Items listed in a dataset:
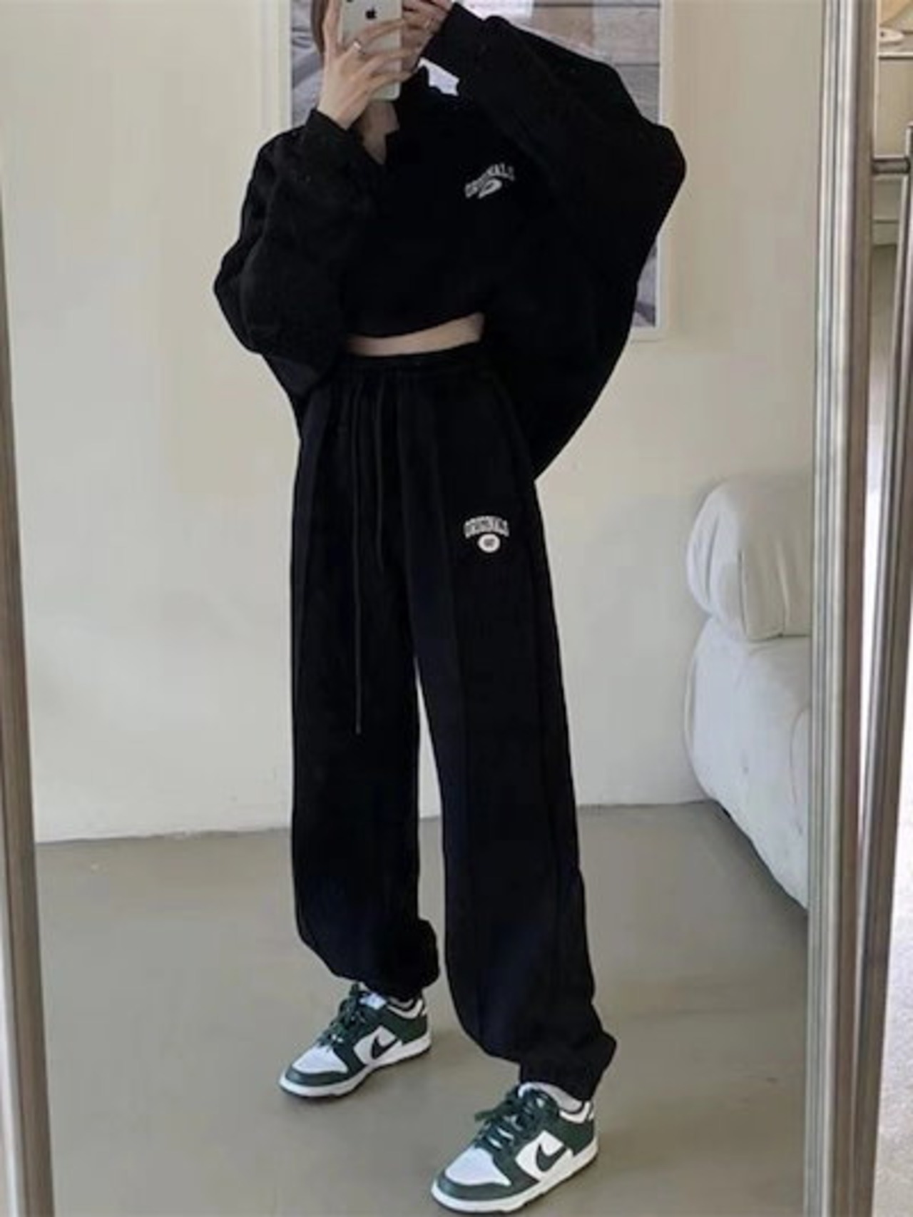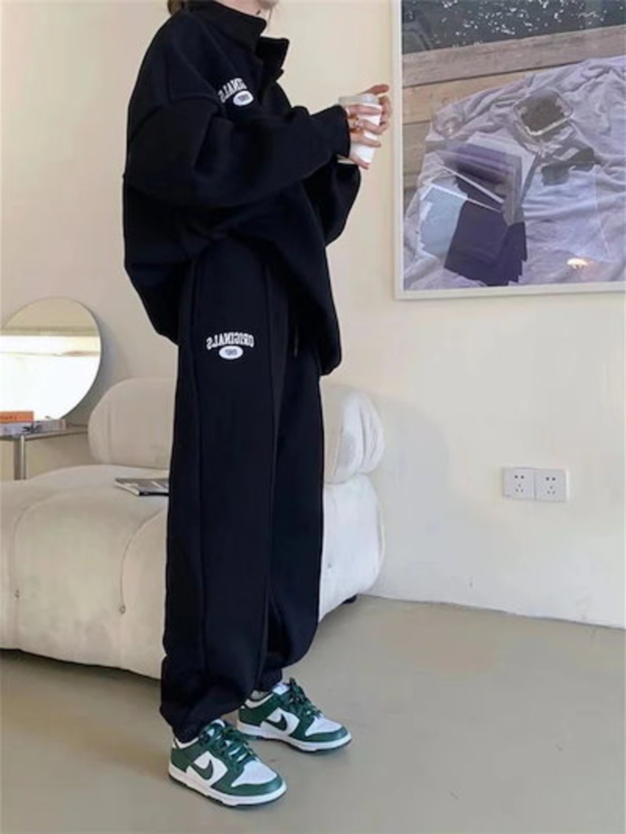 2023ブランドスウェットセットアップ上下二点長袖立ち襟アウター無地スウェットパンツ韓国ファッションレディーストレーニングウェア レディーススポーツウェアレディース
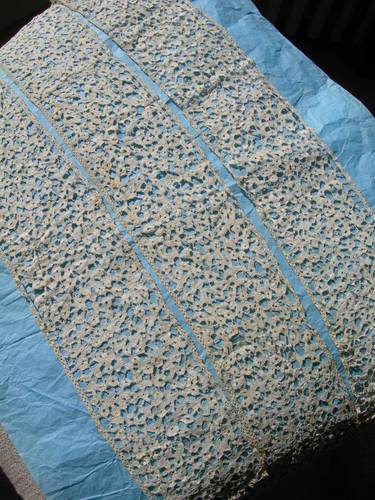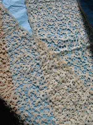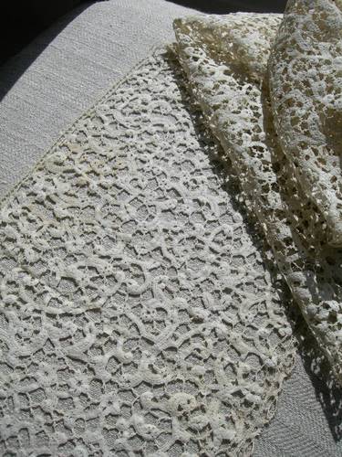 Comments: Another Milanese bobbinlace, quite similar to that described above. It’s in 3 pieces with a few storage marks according to the seller. Overall good condition.
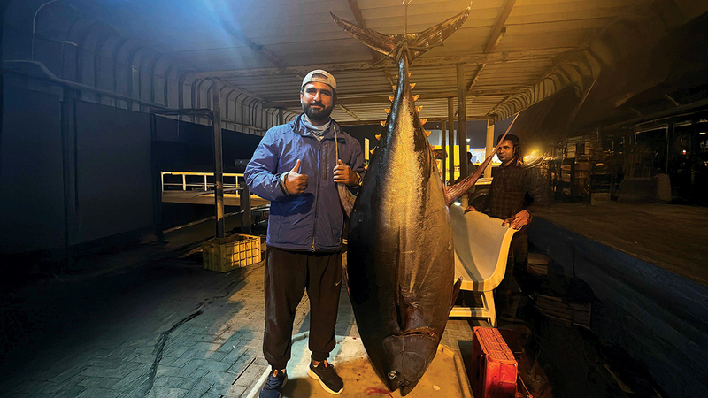 هيثم البلوشي مع السمكة العملاقة. الإمارات اليوم
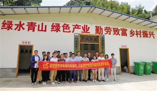 其中,自2018年4月份碧桂园莞深区域与双寨村结对党建扶贫以来,为启发双寨村全体党员干部的脱贫攻坚思路,莞深区域曾多次组织该村党员干部与村民代表前往碧桂园职业学院参观现代化产业工人技能培训、前往英德市树山村参观考察苗圃种植脱贫项目、前往英德市连樟村参观考察特色旅游开发项目、甚至前往江西省兴国县扶贫游学,参观考察当地的苗圃、竹鼠、灰鹅种植或养殖项目。
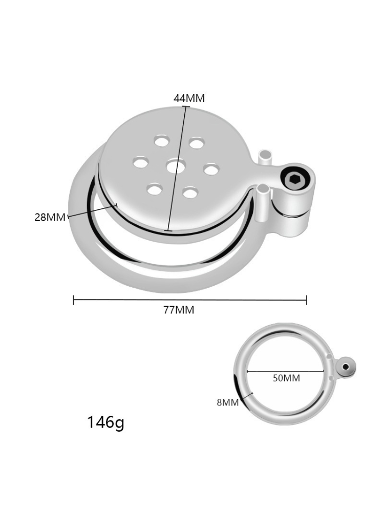 Ready to surrender your sissy urges to something firm, final, and utterly inescapable? The Sissy Lockdown Plug Hole Chastity Cage is a gleaming, full-coverage steel chastity device designed to feminize your fantasies and enforce beautiful, humiliating submission. Whether you’re in sissy training, serving a strict Dom/me, or living in obedient chastity, this disc-style cage leaves no doubt: your pleasure is no longer yours. Crafted from high-polish stainless steel, this elegant device replaces your manhood with a flat, featureless disc — evoking control, exposure, and permanent denial. The plug-hole front includes multiple small ventilation holes to allow for hygiene and urination, but blocks all touching, teasing, or temptation. There’s no room for erections, no shape left to show — just a sleek, steel reminder that you’re locked… and lovely.
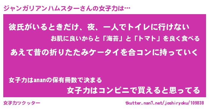 | 胡散臭い通販商品みたいなあだ名 | 『必ず成功する水晶球…その名も「ジャンガリアンハムスター」』 |
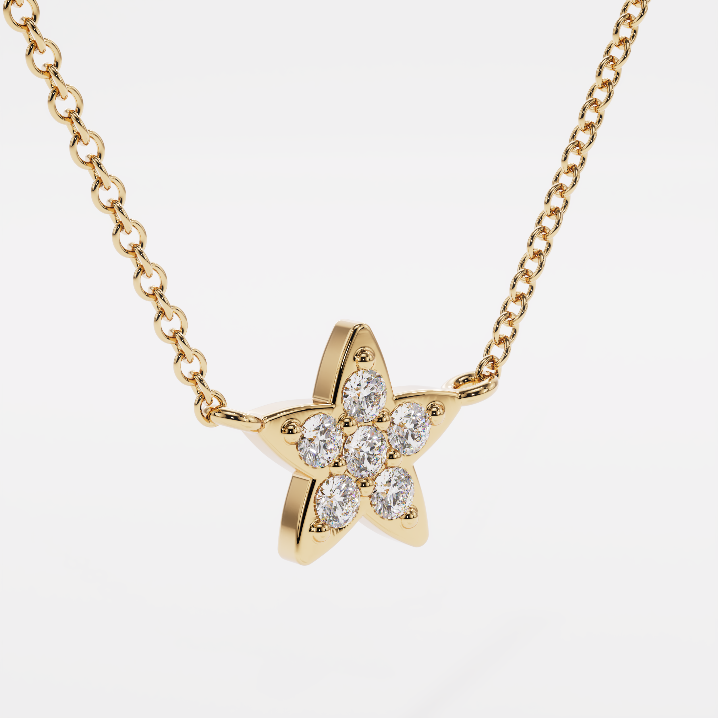 A delicate 14k gold necklace with a five-pointed star-shaped pendant, set with round natural diamonds. At each end of the star is a sparkling diamond, and in its center is another cluster of diamonds that enhances the shine and symmetry of the design. The combination of smooth golden lines and the shimmer of the glow creates a magical, elegant and timeless piece of jewelry with a heavenly scent. Pendant size: 10 mm Carat weight: 0.18 carats
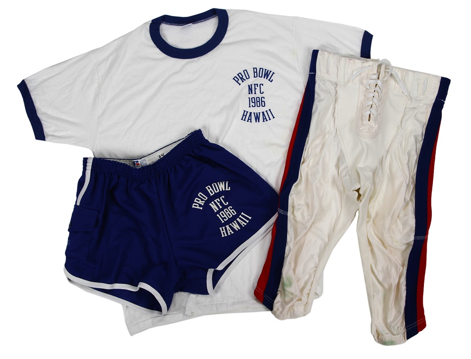 Lot # 432: 1986 Walter Payton Pro Bowl Shirt, Shorts and Game-Worn Pants
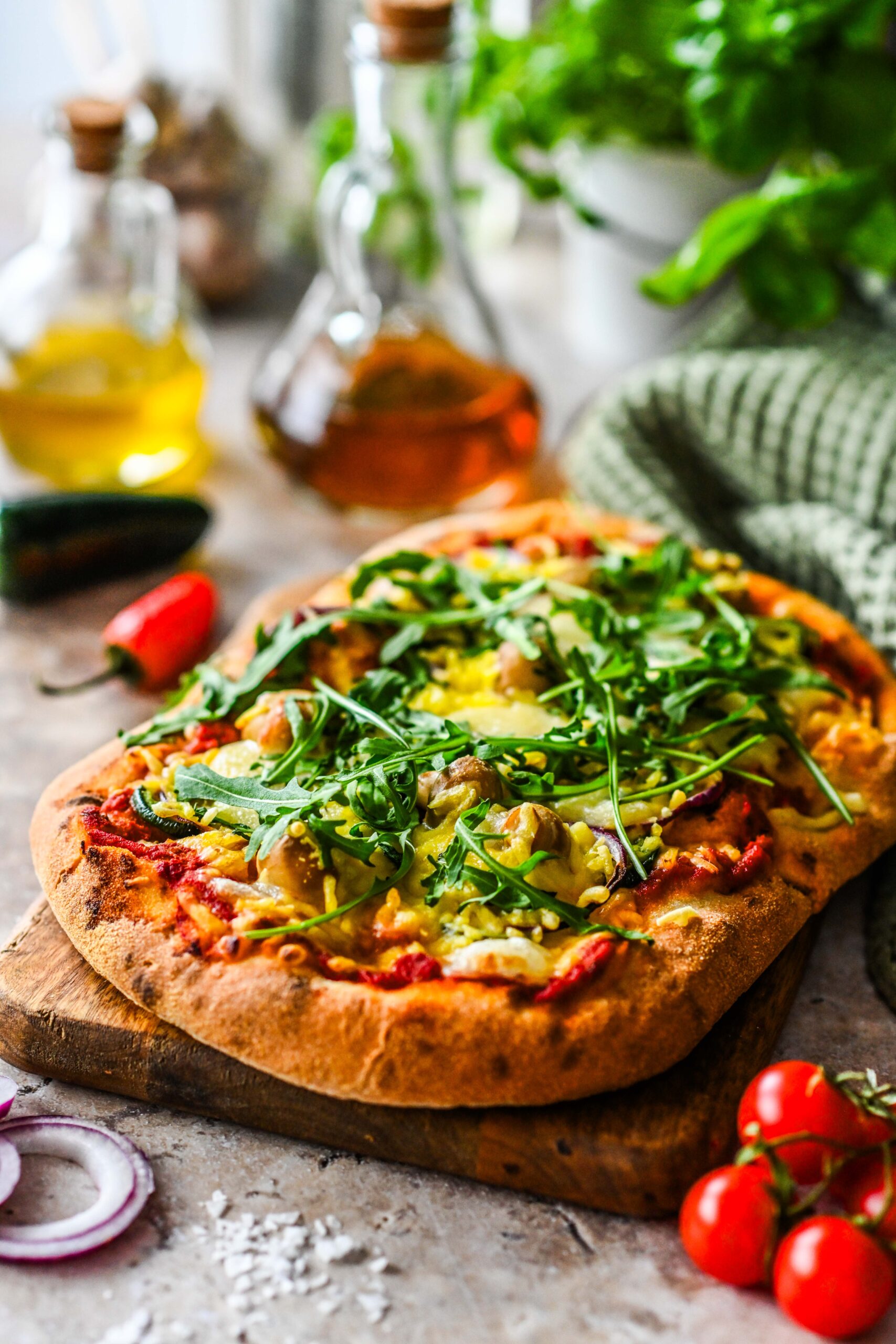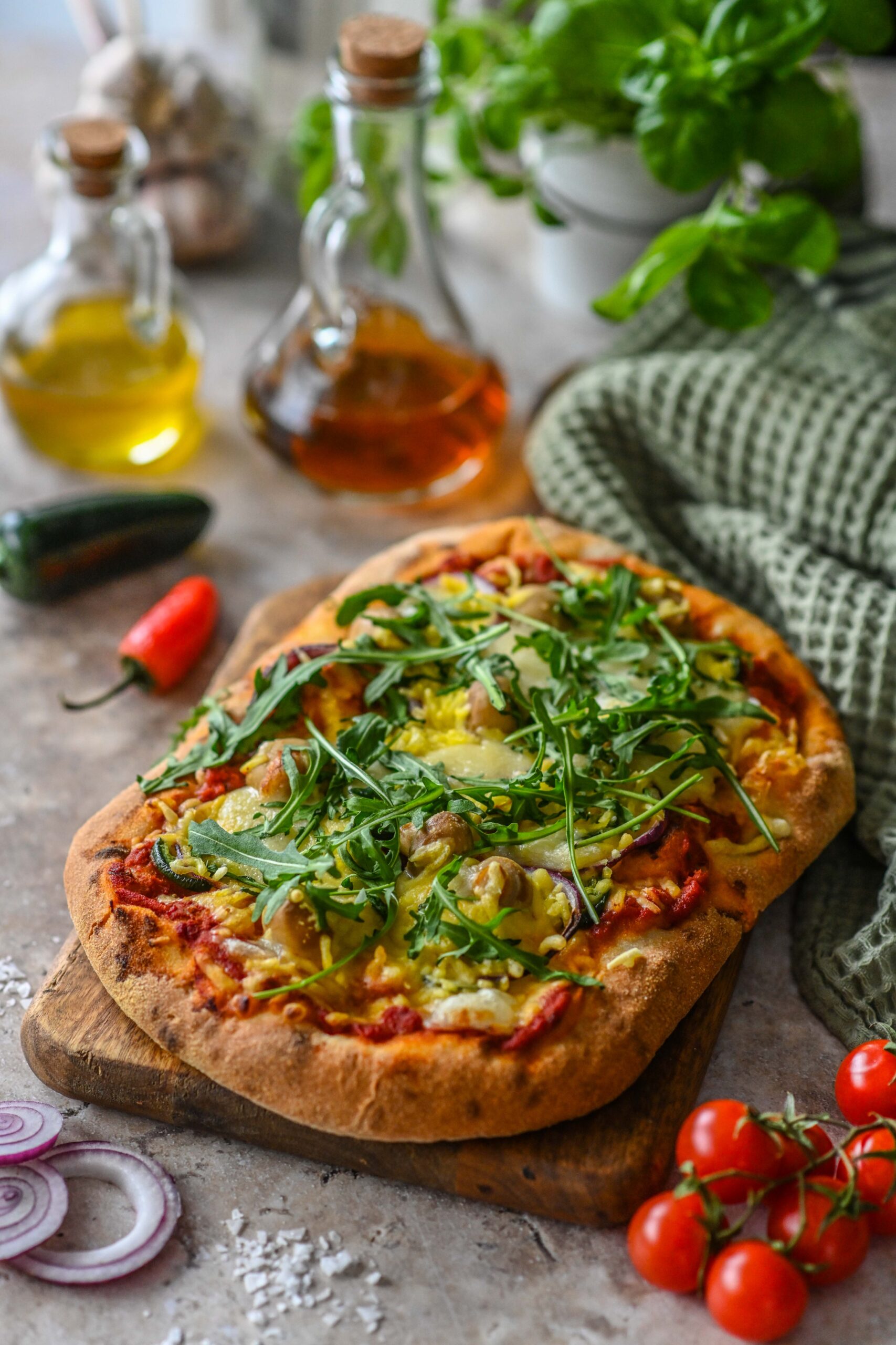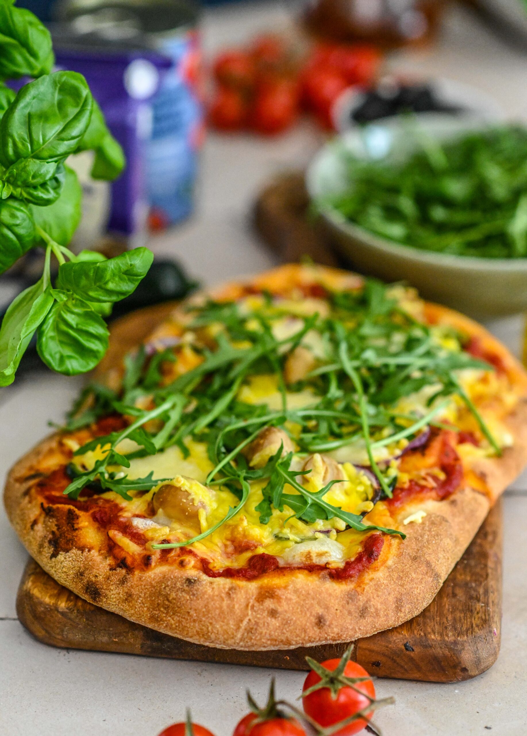 - Määri pinsapõhjale tomatikastet. Lisa sinna ka viilutatud jalapeno, sibularattad ja seened. Laota peale riivitud taimset juustu. Tõsta ahju 220 kraadi juurde 5-7 minutiks. Tõsta siis ahjust, laota peale värsket rukolat ja/või basiilikut. Naudi soojalt.
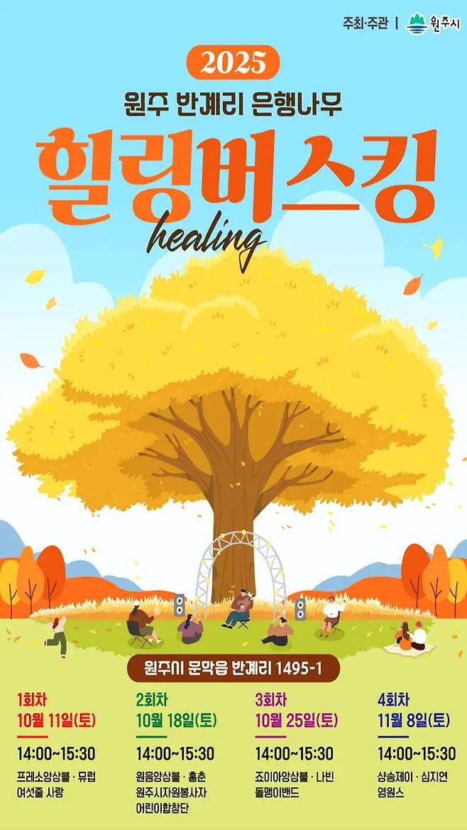 은행잎이 샛노랗게 물드는 그 순간, 은행나무 아래 울려 퍼지는 선율은 황금빛 가을 감성을 극대화시켜줄 것이다.
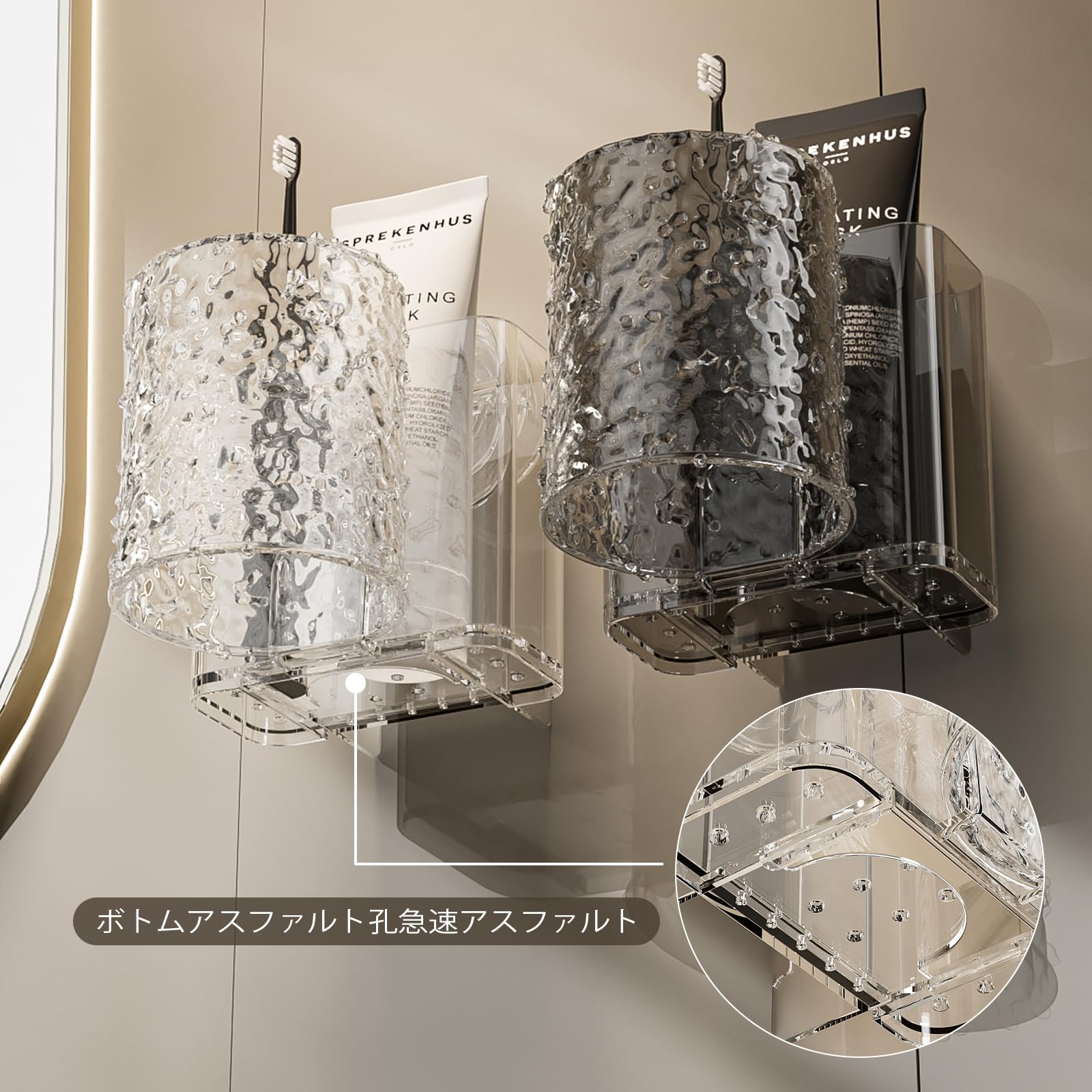 HEMAUTAG 歯ブラシスタンド 歯ブラシホルダー 吸盤 洗面所 収納 水垢防止防塵 健康おしゃれ 創造性 コップスタンド 用来電動歯ブラシ 歯磨き粉カップ スタンド 歯ブラシホルダー×1個 グレー
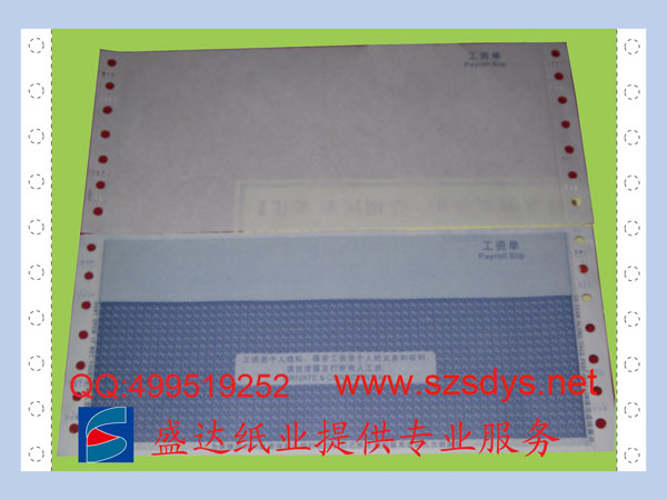 盛达纸业专业订制:密码纸工资条。此产品选用高级无碳木桨原纸。纸质平整,复写显色效果好,采用全新进口表格印刷机配套进口高品质环保油墨及胶水生产。具有保存时间长、电脑孔位标准、打印顺畅、不易卡纸、印刷版面干净、清晰,显碳效果好等优势。
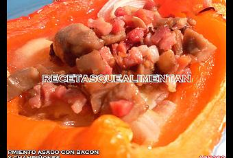 INGREDIENTES2 pimientos rojos, 100 gr. de champiñones, 100 gr. de queso semicurado, 100 gr. de bacon (o jamón serrano) en dados, una cebolla, 2 dientes de ajo, perejil picado, aceite de oliva, sal.PREPARACIÓNLavamos los pimientos y los cortamos por la mitad a lo largo, retiramos las pepitas del interior. Ponemos las 4 mitades de pimiento en una bandeja o fuente de horno y dentro de los pimientos una base de aros de cebolla, un chorrito de aceite de oliva, sazonamos e incorporamos también un trozo de queso semicurado a cada mitad de pimiento. Horneamos en el horno previamente calentado a 180º durante 35 minutos aproximadamente. Retiramos del horno y preparamos los Pimientos Asados con Bacon y Champiñones rellenando con un par de cucharadas del sofrito de champiñones. Salud.

■ WHAT THE TASK ASKS:
Please give back an exact copy of the entries above from their first line through the line containing "Comments: Another Milanese", leaving the pictures aside.

■ TASK RESPONSE:
 2023ブランドスウェットセットアップ上下二点長袖立ち襟アウター無地スウェットパンツ韓国ファッションレディーストレーニングウェア レディーススポーツウェアレディース
 Comments: Another Milanese bobbinlace, quite similar to that described above. It’s in 3 pieces with a few storage marks according to the seller. Overall good condition.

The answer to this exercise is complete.